Any ideas on how to debug what’s going on?

2

update:

If I revoke and then create a bot token, the trigger is executed, but no data is passing through, i.e. I message my bot, but the trigger doesn’t catch anything.

3

Welcome to the community @Dima_Neiaglov

If you add a webhook node, execute the workflow, and hit it with an HTTP client, does it work?

4

@RicardoE105, many thanks for the welcome and for the response! I am, indeed, happy to become a part of this community and hope to contribute something to n8n is due time :slight_smile:

Yes, if I add a webhook node and execute the workflow, I can shoot a JSON at it with no trouble at all. So, my current situation is,

  1. I have a workflow with two nodes: webhook and telegram trigger
  2. If I execute the webhook workflow, it receives whatever data I send
  3. If I execute the Telegram trigger, it is being executed, but doesn’t show any messages I send to the respective bot.
5

It seems that the route of my problem is SSL, again. The way my SSL is set up, I have a root certificate, an intermediate certificate and my domain certificate (all come from Sectigo) in a single file that is reffered to by N8N_SSL_CERT. It seems, however, that only domain certificate is being sent: SSL Server Test: auto.extra-axis.com (Powered by Qualys SSL Labs)

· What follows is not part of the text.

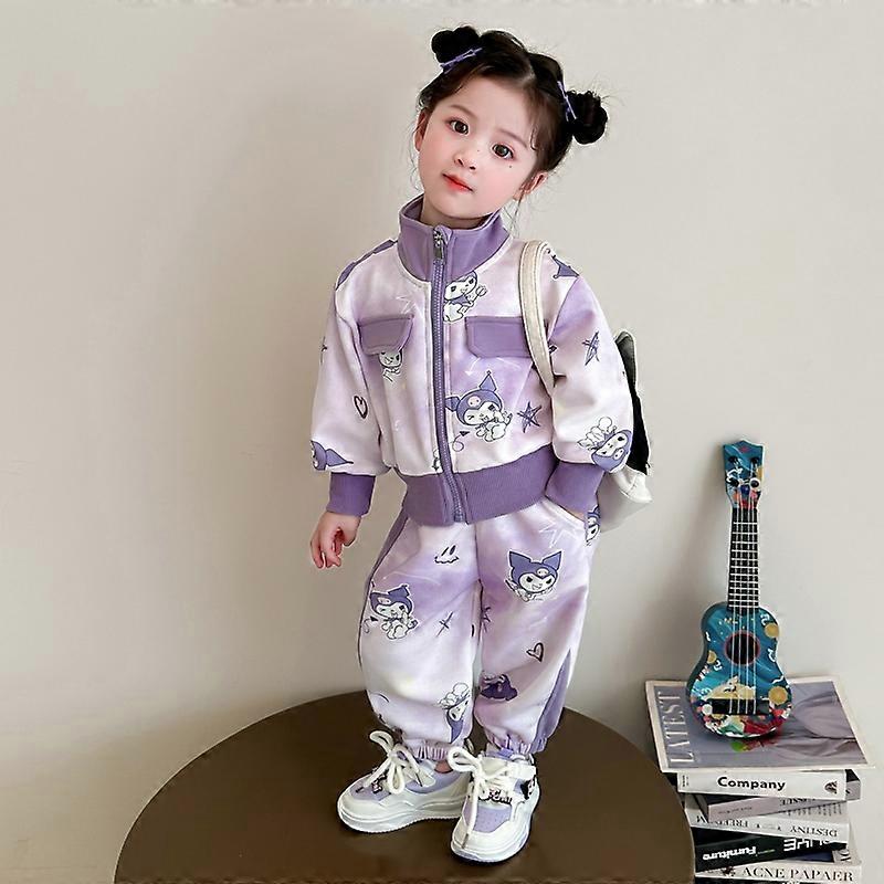 Cartoon Sanrio 2Pcs Kuromi Gradient Long Sleeved Jacket Spring Autumn New Style Cardigan Girl Sports Zipper Stylish Comfortset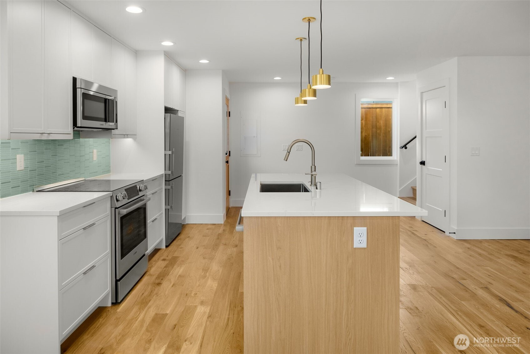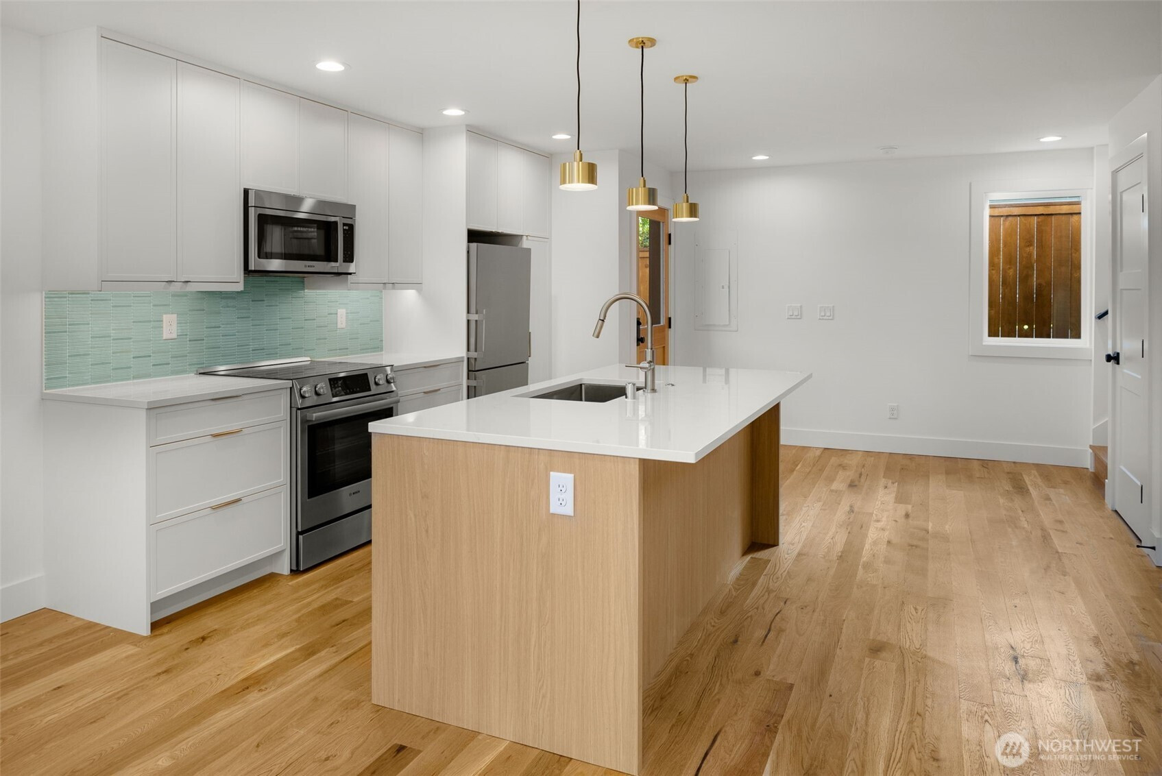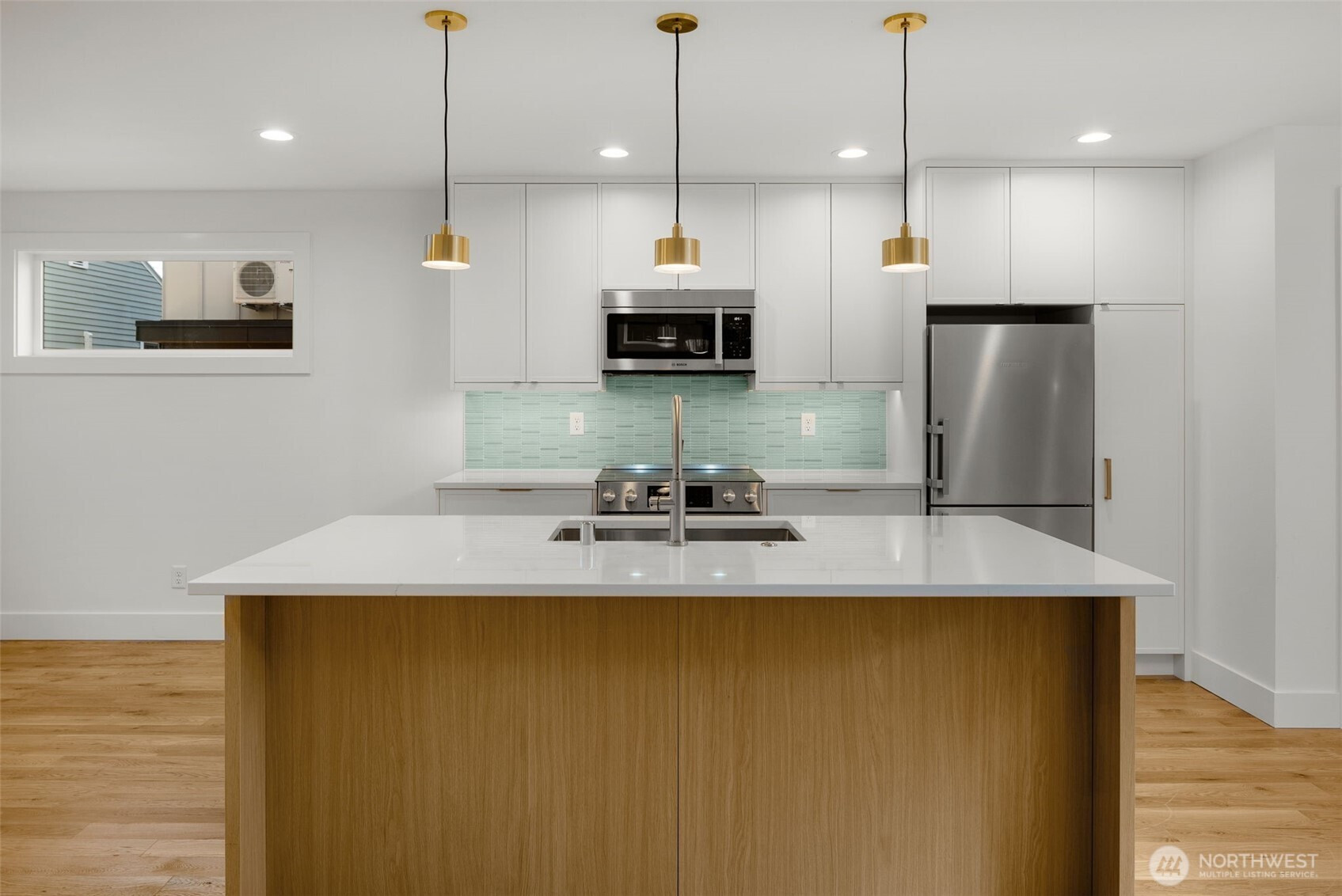 Welcome to this BRAND-NEW 2-bedroom residence by Hernandez Builds in Greenwood! This turn-key new construction home offers off-street parking, walls of windows, open-concept living on the entry-level, a luxurious primary suite, storage options, and a private rooftop deck for you to enjoy all year round. Highlights include high-end stainless steel appliances, chef's kitchen with island + breakfast bar, custom finishes & more! Roofdeck is complete with water/electric hookups on for grilling or convenient entertaining! Enjoy all things Greenwood: Preserve & Gather Coffee, Bar Sur Mur, Flint Creek Cattle Co., NEW Trader Joe's, Metropolitan Market, Lamplighter, Chuck's Hop Shop! Easy access to Green Lake, I-5, Hwy 99 & more! Don't miss out!

I wonder how should I treat root / intermediate certificates in this installation without Docker?

6

(I also see something like this here Telegram trigger doesn't work - #8 by mkz, but the person was running nginx in front of n8n and so was able to resolve on the nginx level)

7

Sorry for the late response. Somehow I missed the message. Sadly do not have experience with another server set up other than the one officially supported.

If you find the solution would be awesome if you share it here with the community.

8

So now that I knew that there is official solution, I came up with the following unofficial solution :slight_smile:

For everyone who might be reading this: it only makes sense if you’re running n8n WITHOUT docker, i.e. installed it on a dedicated server.

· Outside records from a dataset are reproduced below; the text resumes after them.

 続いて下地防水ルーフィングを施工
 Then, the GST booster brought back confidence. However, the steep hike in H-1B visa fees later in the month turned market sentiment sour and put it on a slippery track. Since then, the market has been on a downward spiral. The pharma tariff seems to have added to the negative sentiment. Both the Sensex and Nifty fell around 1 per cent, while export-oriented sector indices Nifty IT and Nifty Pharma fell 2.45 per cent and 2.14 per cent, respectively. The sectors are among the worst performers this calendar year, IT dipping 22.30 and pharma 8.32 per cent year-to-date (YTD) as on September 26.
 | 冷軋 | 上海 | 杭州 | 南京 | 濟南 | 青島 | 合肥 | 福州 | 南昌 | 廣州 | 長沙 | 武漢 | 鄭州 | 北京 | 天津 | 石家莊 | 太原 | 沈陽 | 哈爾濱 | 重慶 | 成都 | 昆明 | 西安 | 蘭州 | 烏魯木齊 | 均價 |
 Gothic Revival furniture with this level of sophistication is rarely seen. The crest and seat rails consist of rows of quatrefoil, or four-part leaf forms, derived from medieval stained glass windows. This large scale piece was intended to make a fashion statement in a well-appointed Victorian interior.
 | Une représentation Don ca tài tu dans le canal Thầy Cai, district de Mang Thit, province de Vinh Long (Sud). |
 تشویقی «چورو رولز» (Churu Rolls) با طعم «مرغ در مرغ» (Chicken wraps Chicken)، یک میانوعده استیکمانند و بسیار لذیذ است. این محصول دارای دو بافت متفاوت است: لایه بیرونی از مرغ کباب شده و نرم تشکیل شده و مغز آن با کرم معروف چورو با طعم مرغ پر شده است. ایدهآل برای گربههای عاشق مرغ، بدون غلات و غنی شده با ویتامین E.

The problem is, Telegram is very strict when it comes to security, so even if one has an SSL certificate installed, Telegram requires the whole certificate chain to be valid. This results in a situation when some services (and browsers) work with n8n no problem (trust it enough), while Telegram doesn’t.

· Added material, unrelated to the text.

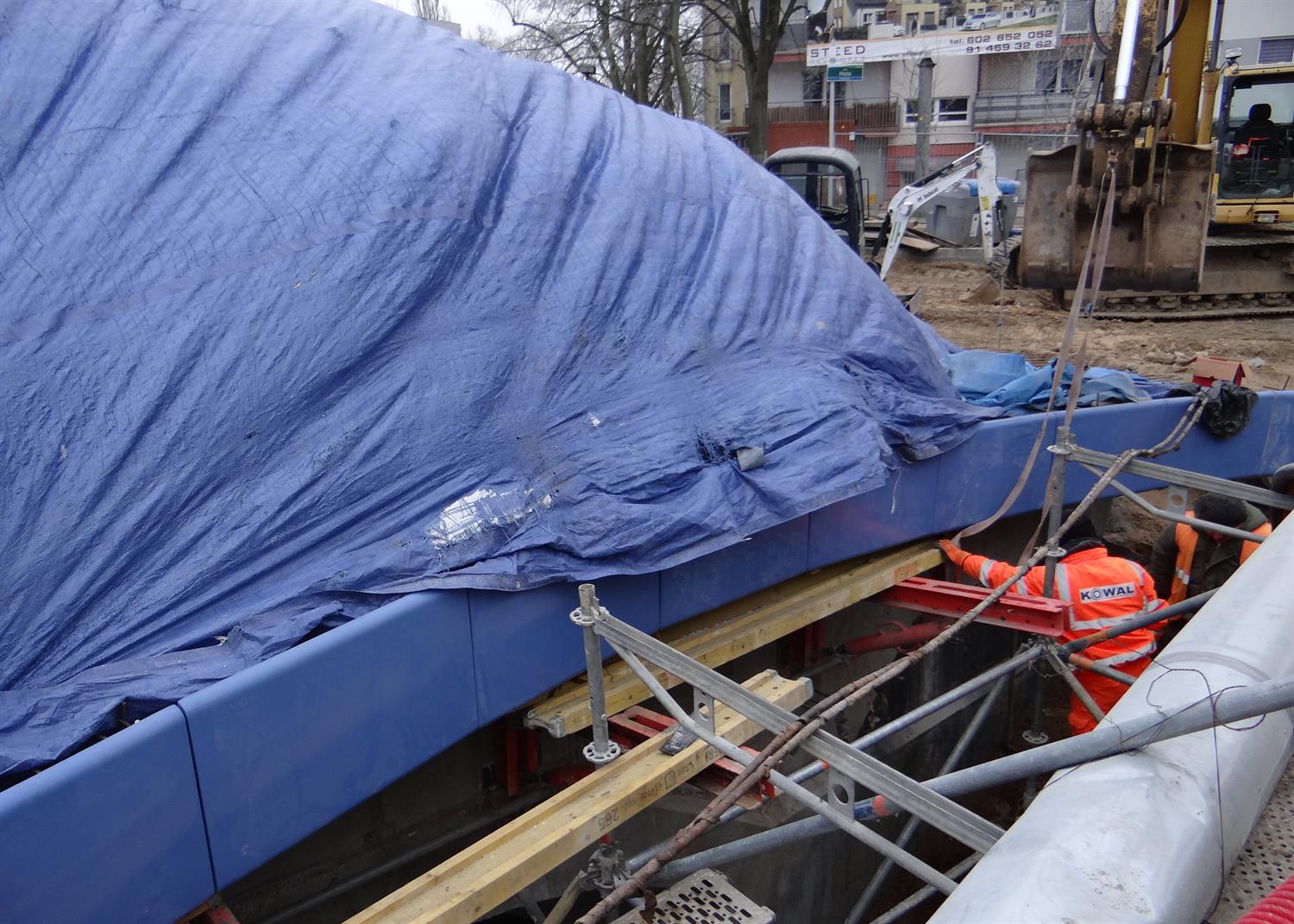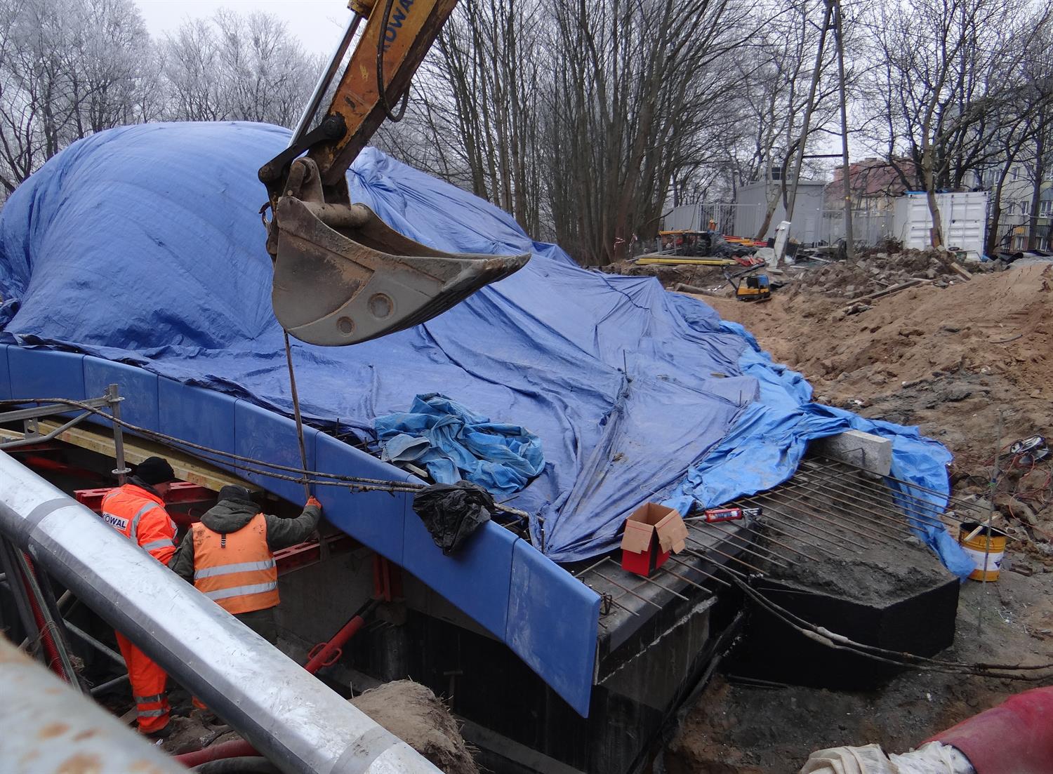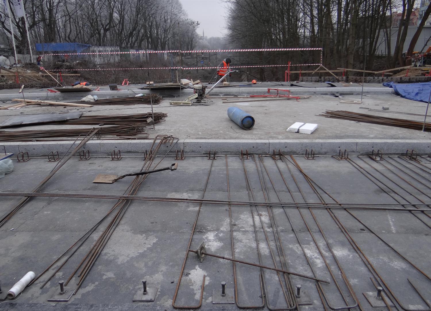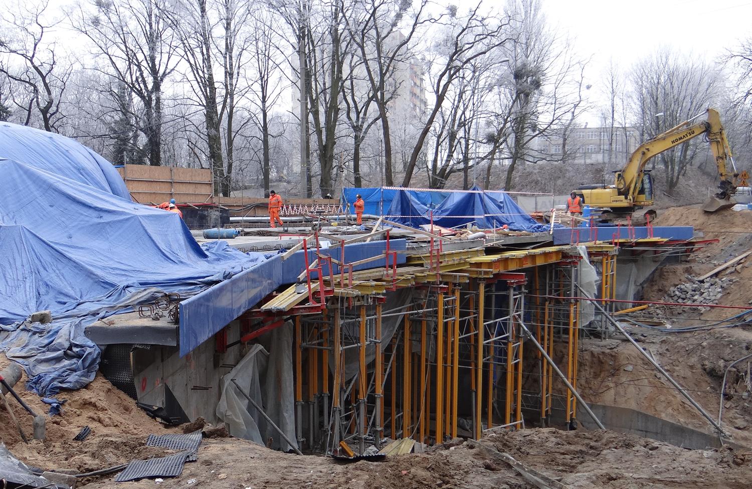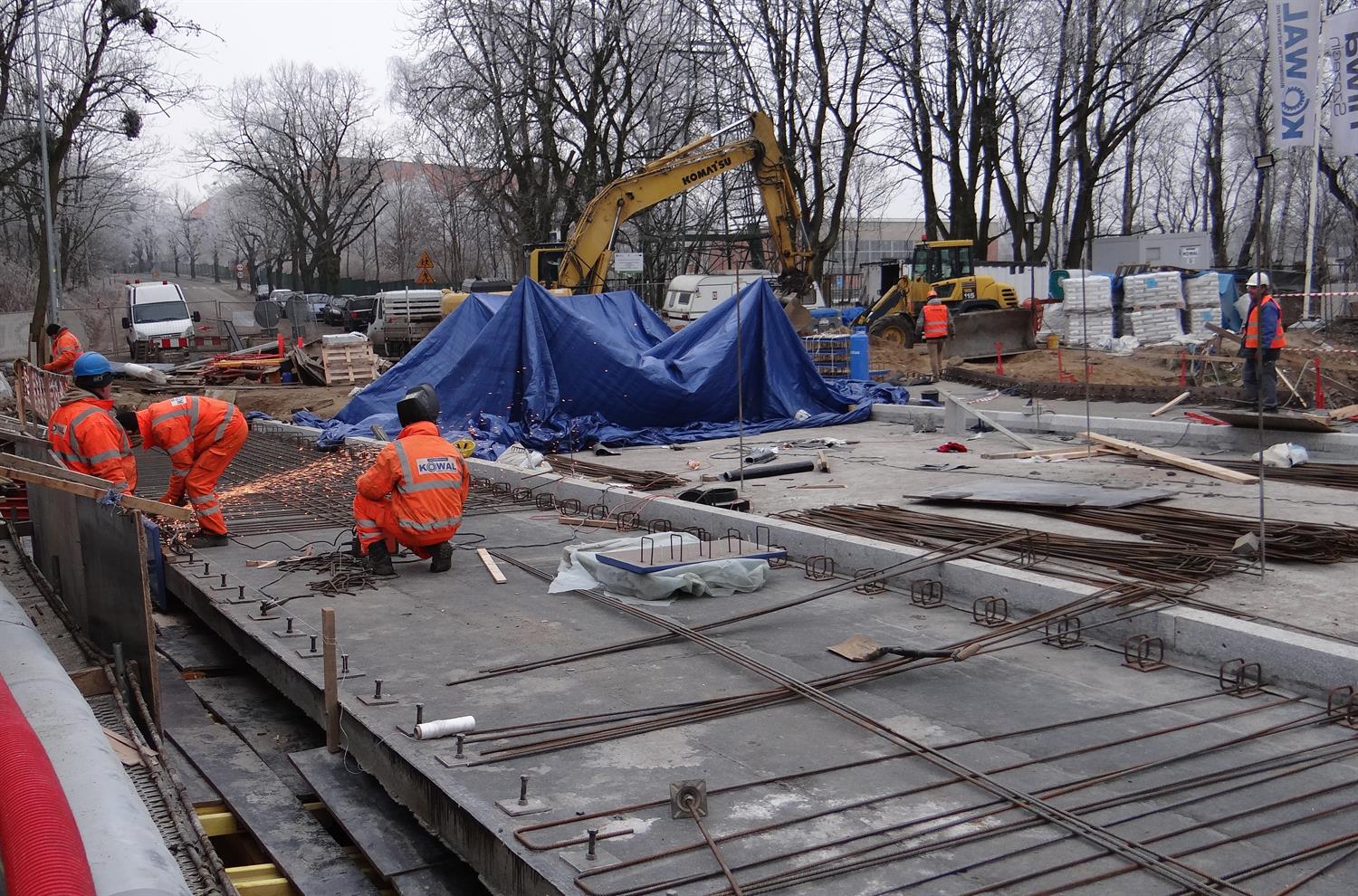 – Problemem są w szczególności ujemne temperatury, które uniemożliwiają zachowanie reżimów technologicznych. Prowadzenie robót budowlanych w okresie zimowym jest natomiast konsekwencją konieczności wprowadzenia zmian do projektu posadowienia fundamentów wiaduktu w związku ze zinwentaryzowaniem istniejących stalowych pali – dodała H. Pieczyńska. W tej chwili trwa montaż elementów wyposażenia. Roboty drogowe będą prowadzone przy lepszych warunkach atmosferycznych. ©℗

n8n (without traefic outside of docker) can’t serve the whole certificate chain so we’d need something that can. I decided to use Caddy. It will serve certificates automatically with no need to even bother with certificate files. I believe it’s so good, it should be the default way.

The overall idea is for n8n to work in http mode on a port 9000 while Caddy will listen to port 443, pretend it’s https, forward all requests to n8n etc.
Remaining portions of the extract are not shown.